Single by Phil Barney

from the album Recto-verseau
- B-side: "Ma Vie c'est la musique" (original version); Instrumental (duet version);
- Released: 1987 4 June 2002 (duet version)
- Recorded: France
- Genre: Pop
- Length: 3:46 (original version) 4:05 (duet version)
- Label: Zone (original version) M6 (duet version)
- Songwriter(s): Pierre Zito, Phil Barney
- Producer(s): Pierre Zito Phil Barney J.P. Daine

Phil Barney singles chronology
|  | "Un Enfant de toi" (1987) | "Avec qui tu vis" (1988) |
| "Loin de tes bras" (1992) | "Un Enfant de toi" (2002) |  |

Alternative cover
- 2002 release, with Marlène Duval

= Un enfant de toi =

1987 single by Phil Barney

"Un Enfant de toi" is a 1987 pop song recorded by the French singer Phil Barney.

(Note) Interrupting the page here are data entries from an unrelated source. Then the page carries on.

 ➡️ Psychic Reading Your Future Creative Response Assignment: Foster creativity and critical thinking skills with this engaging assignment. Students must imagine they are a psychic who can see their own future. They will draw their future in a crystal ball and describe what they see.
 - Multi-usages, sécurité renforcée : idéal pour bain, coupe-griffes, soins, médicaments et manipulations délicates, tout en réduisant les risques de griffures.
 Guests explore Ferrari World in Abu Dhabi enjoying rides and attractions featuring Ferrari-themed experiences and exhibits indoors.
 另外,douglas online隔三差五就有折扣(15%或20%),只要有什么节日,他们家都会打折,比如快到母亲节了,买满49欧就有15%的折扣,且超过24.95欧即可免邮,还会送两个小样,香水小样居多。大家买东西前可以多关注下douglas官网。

It was released as a single twice : first in 1987 from the album Recto-verseau, then as a duet with Marlène Duval in 2002. Both versions were hits, reaching the top three on the French Singles Chart, and the cover version being more successful than the original.

==Background==
"Un Enfant de toi" was written and the music composed by Pierre Zito and Phil Barney.

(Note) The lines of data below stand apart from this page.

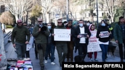 И не только на этом, убеждены участники акции протеста. По их словам, правительство своей пассивностью оставило на произвол судьбы не только Зазу Гахеладзе, но и других людей, проживавших у разделительных линий и задержанных де-факто властями Абхазии и Южной Осетии. Таких, по подсчетам одного из организаторов акции протеста и лидера «Антиоккупационного движения» Давида Кацарава, пятеро. В ходе шествия от бывшего посольства к парламенту он рассказал о требованиях, которые выдвигают его участники шествия:
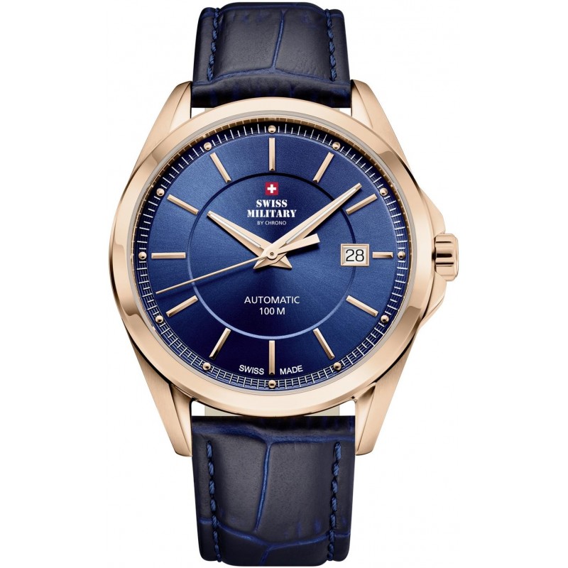 Auto-mechaninis šveicariškas vyriškas S.Military laikrodis ypatingai atsparus vandeniui (WR 100m). Papildoma funkcija: datos langelis.
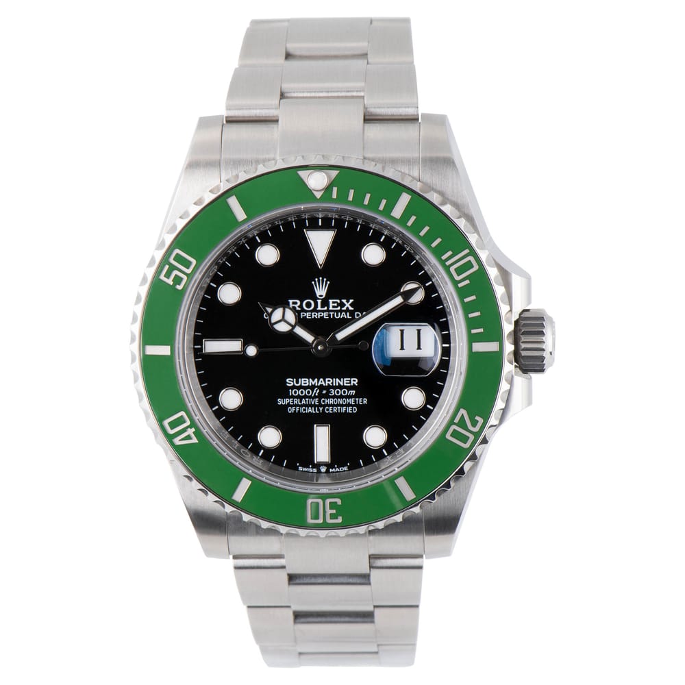The Rolex Submariner 126610LV is a remarkable timepiece with a robust stainless steel case measuring 40.00 mm. It features an exceptional 70-hour power reserve powered by the renowned Caliber 3235 movement. The striking black dial and graduated bezel complete its sophisticated look, making it suitable for both casual and formal occasions. This watch is classified as used (excellent condition) and includes papers only, ensuring its authenticity.
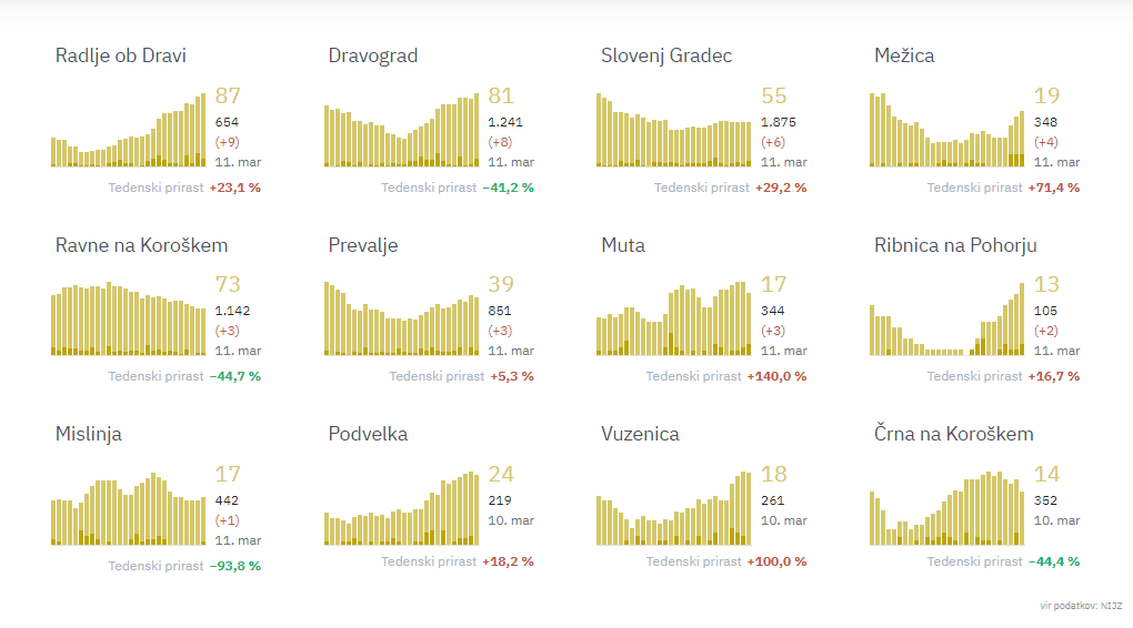 Radlje ob Dravi 9, Dravograd 8, Slovenj Gradec 6, Mežica 4, Ravne na Koroškem 3, Prevalje 3, Muta 3, Ribnica na Pohorju 2, Mislinja 1.

With a romantic melody, the song deals with the story of a man whose wife is pregnant. However, the delivery takes place badly and the woman dies by giving birth to a boy, named Jason. The father, who addresses directly his deceased wife in the song, tells ten years later how he brought up their son.

In 2002, Marlène Duval, a contestant of the French TV reality show Loft Story 2, regularly sang the song when she participated in the show. Therefore, when she came out the loft, Barney proposed her to recording the song in a duet version. She accepted and the song was released as a single. The two singers started a tour to promote the song.

==Chart performances==
In France, the original version charted for 23 weeks in the top 50, from 5 September 1987 to 6 February 1988. It debuted at the bottom of the chart and eventually reached a peak of number three in its 10th and 15th weeks. It remained in the top ten for ten consecutive weeks. The single earned a Gold disc awarded by the Syndicat National de l'Édition Phonographique.

The duet version entered the French Singles Chart at number 70 on 1 June 2002, although being officially released three days later (several stores sold it before the official date). It directly climbed to number two, topped the chart for three consecutive weeks, then dropped on the chart, totalling seven weeks in the top ten, 16 weeks in the top 50 and 21 weeks on the chart (top 100). About one month after its release, it was certified Platinum disc and ranked at 12 on the year-end. As of July 2014, it is the 89th best-selling single of the 21st century in France, with 321,000 units sold.

On 29 June 2002, the single started at number 20 on the Belgian (Wallonia) Ultratop 40, then jumped straight to number one. It stayed there for four weeks, then kept on dropping and fell off the chart after 14 weeks. It was the 13th best-selling single of 2002.

==Track listings==
- 1987 version
  - 7" single
1. "Un Enfant de toi" – 3:46
2. "Ma Vie c'est la musique" – 4:12

- 2002 version
  - CD single
3. "Un Enfant de toi" by Phil Barney and Marlène Duval – 4:05
4. "Un Enfant de toi (instrumental) – 4:05

==Charts==

===Peak positions===

| Chart (1987) | Peak position |
|---|---|
| Eurochart Hot 100 | 28 |
| French SNEP Singles Chart | 3 |
| Chart (2002) | Peak position |
| Belgian (Wallonia) Singles Chart | 1 |
| French SNEP Singles Chart | 1 |

===Year-end charts===

| Chart (2002) | Position |
|---|---|
| Belgian (Wallonia) Singles Chart | 13 |
| Europe (Eurochart Hot 100) | 92 |
| French Singles Chart | 12 |

===Certifications===

| Region | Certification | Certified units/sales |
| France (SNEP) 1987 solo version | Gold | 500,000^{*} |
| France (SNEP) 2002 Duet version | Platinum | 500,000^{*} |
^{*} Sales figures based on certification alone.